DATA SECTION »
* * * * *

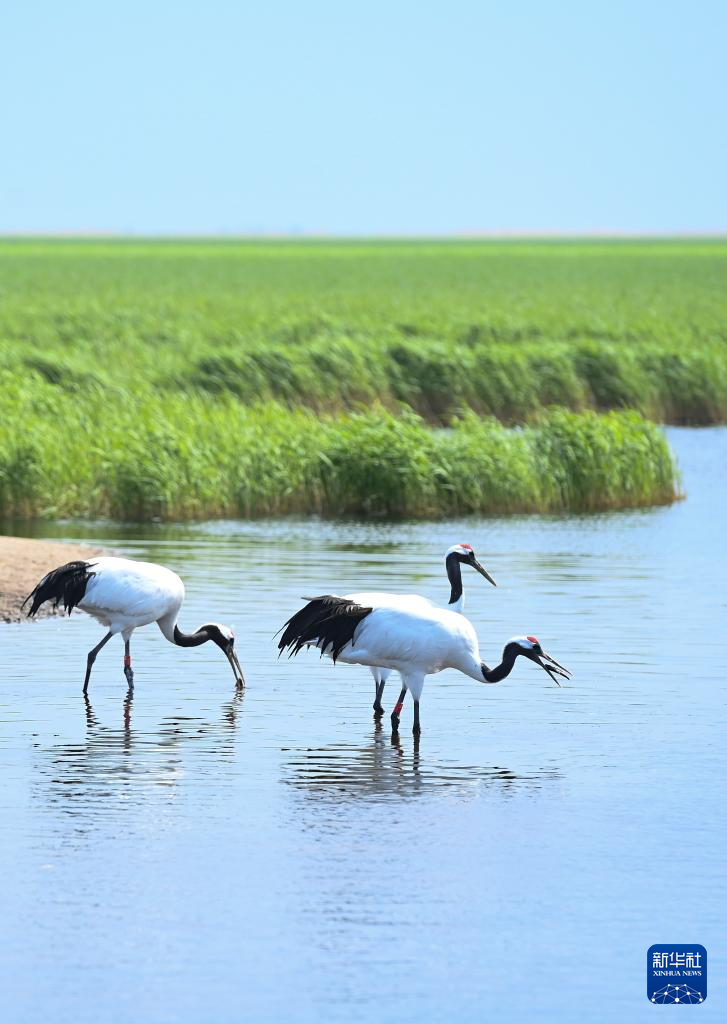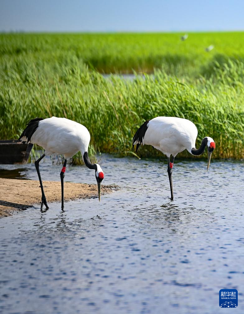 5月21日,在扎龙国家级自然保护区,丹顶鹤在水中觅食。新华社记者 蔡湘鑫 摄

* * * * *

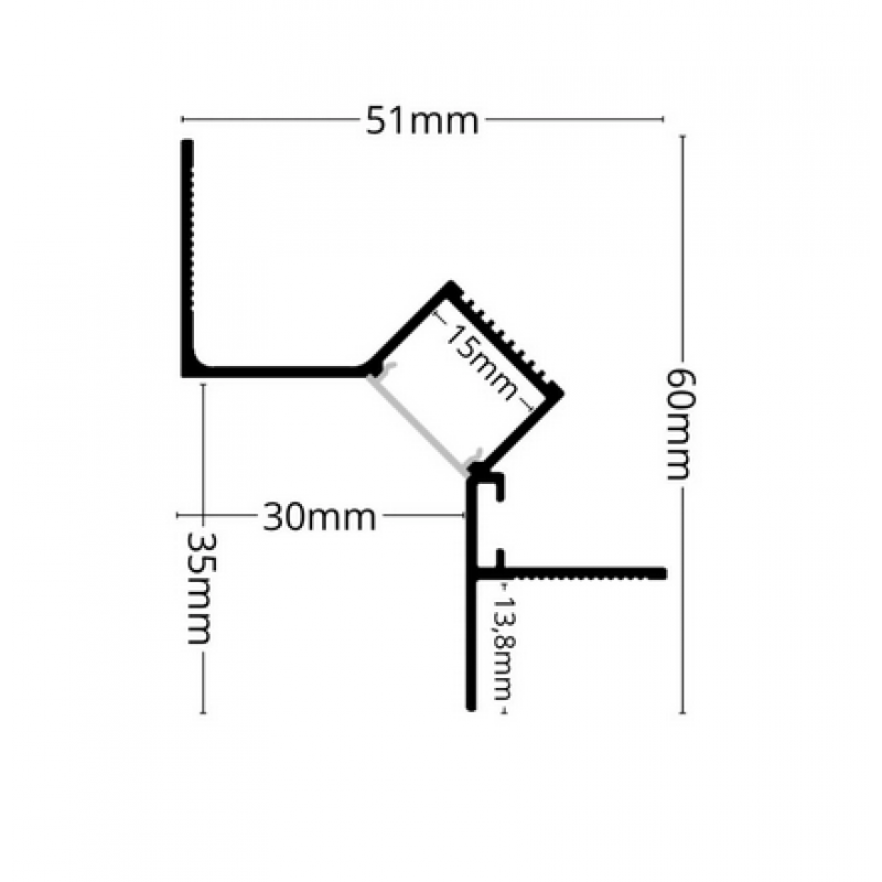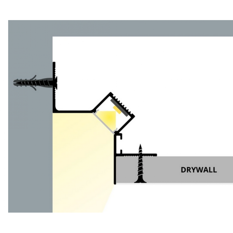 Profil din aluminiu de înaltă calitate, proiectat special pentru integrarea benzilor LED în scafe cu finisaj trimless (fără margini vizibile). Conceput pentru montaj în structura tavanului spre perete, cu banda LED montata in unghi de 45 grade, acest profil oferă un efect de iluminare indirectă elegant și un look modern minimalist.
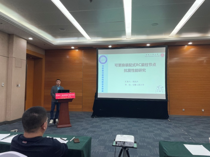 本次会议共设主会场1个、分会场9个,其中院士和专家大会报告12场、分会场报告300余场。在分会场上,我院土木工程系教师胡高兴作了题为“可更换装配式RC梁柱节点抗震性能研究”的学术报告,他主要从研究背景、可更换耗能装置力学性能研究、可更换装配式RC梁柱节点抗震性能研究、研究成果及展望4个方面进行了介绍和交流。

* * * * *

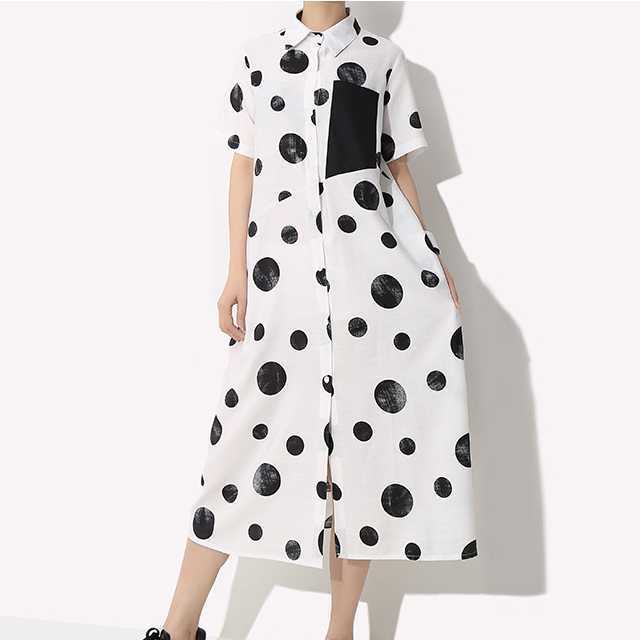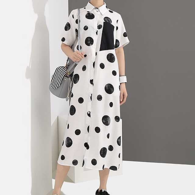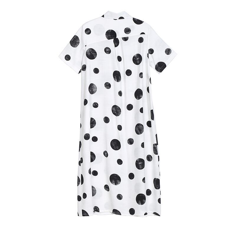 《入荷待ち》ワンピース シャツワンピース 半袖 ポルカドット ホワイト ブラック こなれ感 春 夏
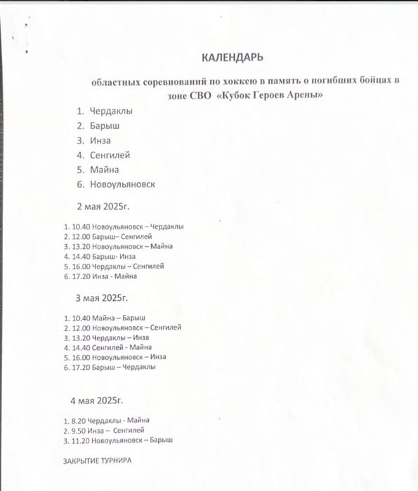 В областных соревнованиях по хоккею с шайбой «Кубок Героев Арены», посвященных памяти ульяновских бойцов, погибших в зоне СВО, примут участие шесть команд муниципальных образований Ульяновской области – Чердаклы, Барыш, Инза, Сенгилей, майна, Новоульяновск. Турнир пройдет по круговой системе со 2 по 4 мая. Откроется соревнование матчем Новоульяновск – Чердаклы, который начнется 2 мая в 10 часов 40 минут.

* * * * *

WORK REQUEST » Every line above in the stretch from the one with "ブラック こなれ感 春 夏" through the one with "В областных соревнованиях" is to be transcribed exactly, ends included. No picture is copied.

TASK ANSWER »
 《入荷待ち》ワンピース シャツワンピース 半袖 ポルカドット ホワイト ブラック こなれ感 春 夏
 В областных соревнованиях по хоккею с шайбой «Кубок Героев Арены», посвященных памяти ульяновских бойцов, погибших в зоне СВО, примут участие шесть команд муниципальных образований Ульяновской области – Чердаклы, Барыш, Инза, Сенгилей, майна, Новоульяновск. Турнир пройдет по круговой системе со 2 по 4 мая. Откроется соревнование матчем Новоульяновск – Чердаклы, который начнется 2 мая в 10 часов 40 минут.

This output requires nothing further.